You may also recall that recently Mary Peters, Secretary of Transportation, signed an agreement which is described as the “open skies” agreement that essentially allows the European Union (EU) airlines unfettered access to our U.S. market. In addition, there are many more details to that agreement that do not bode well for our industry. A previous article, Open Skies-European Union – United States Air Transport Agreement (July 2007), touched on that subject. At that time the EU Vice President for Transport stated, “the objective of our negotiations will be additional traffic rights (for the EU) and fewer (read that as no) restrictions on European ownership and control of U.S. air carriers.”

This is all done in the name of harmonization.

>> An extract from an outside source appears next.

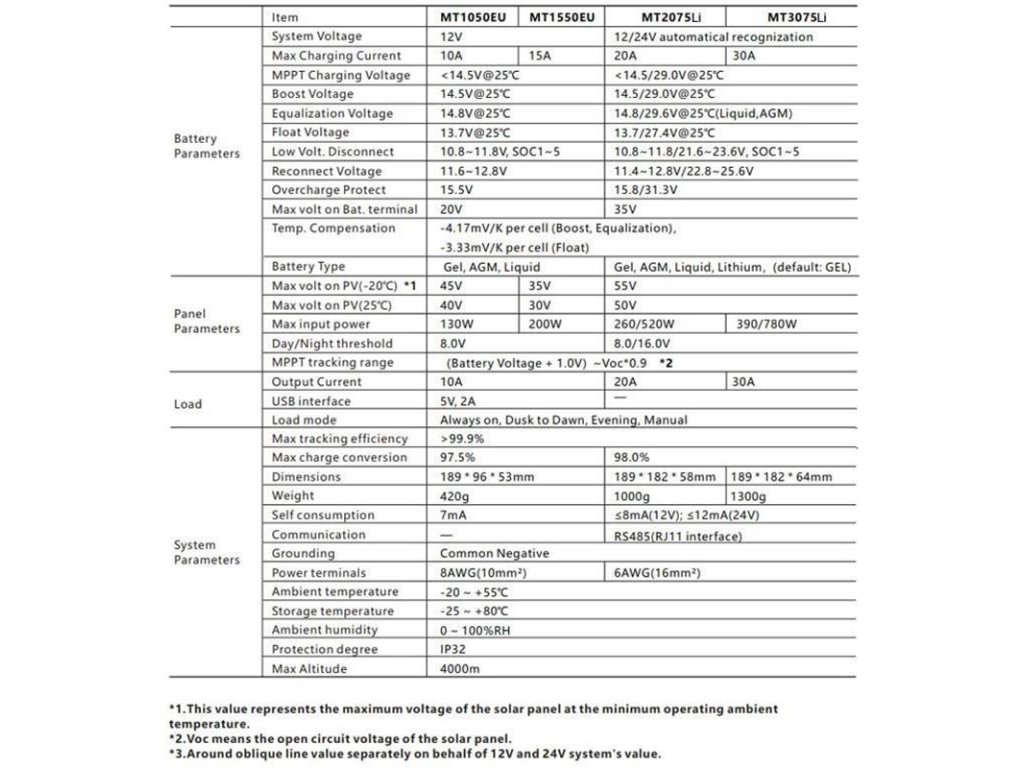 MPPT regulátor 10A pre olovené akumulátory so systémovým napätím 12V a pre FV panely s max. výkonom 130W s max. výstupným napätím 45V a min. výstupným napätím 15,8V. Je primárne určený pre panely so systémovým napätím 12V, ktoré pri maximálnom zaťažení generujú 16–18V.

But make no mistake about it … there are some serious implications floating out of this current arrangement that seem to look more and more like an effort by EASA to create a single management agency for all of world aviation.

As you might have guessed by now, the EASA is essentially an organization that only recently was founded to do the same thing as our FAA, but more so. EASA continues to grow by leaps and bounds and has a major presence in Washington, D.C., in order to lobby aggressively for its continued intrusion into our aviation activities. Now, by merging its safety activities with the various countries belonging to the EU (27 at last count), EASA continues its relentless move to control the aviation activities of more and more countries around the world, and more importantly, I believe, will continue to threaten the independence of the FAA.

This latest bilateral agreement, BASA, was signed by our FAA Administrator and the European Commissioner for Air Transport, Antonio Tajani.

The agreement expands the relationship of the FAA and EASA to now include exchange of what may be confidential safety information (proprietary to air carriers) with EASA and whoever else in Europe has access to this information. Not only will the information be exchanged freely, but included is a reciprocal acceptance of safety (crash reports) findings regarding design and manufacturing problems, continued airworthiness issues, and inspection and oversight of repair stations. Does this mean that the EASA will be inspecting U.S. repair stations as well as its own? The FAA says that it will be relieved of the oversight responsibility on our aircraft regarding maintenance and design certification work on U.S. aircraft in Europe. Just what is this supposed to mean? The FAA goes on to say that the agreement will create a better harmonized safety system. There’s that word again.

The reports I have read concerning the acceptance of this agreement related some reservations by U.S. manufacturers regarding the fees that EASA was going to charge for “its” service in providing what the agreement calls for — by way of attention to the job of looking after U.S. interests in Europe and elsewhere, I presume. It’s like becoming a member of a big club that we really don’t need and the dues are becoming oppressive.

Have any of the politicians even asked why we need these people and why we should have to pay for services that we can do very well by ourselves? I, for one, am continually amazed at how our politicians (and I include FAA administrators) continue to give away our jobs to European organizations without any thought on the impact here at home. All the FAA employees and others may soon be working for the Europeans and be subject to their rules and regulations without even knowing it’s happening.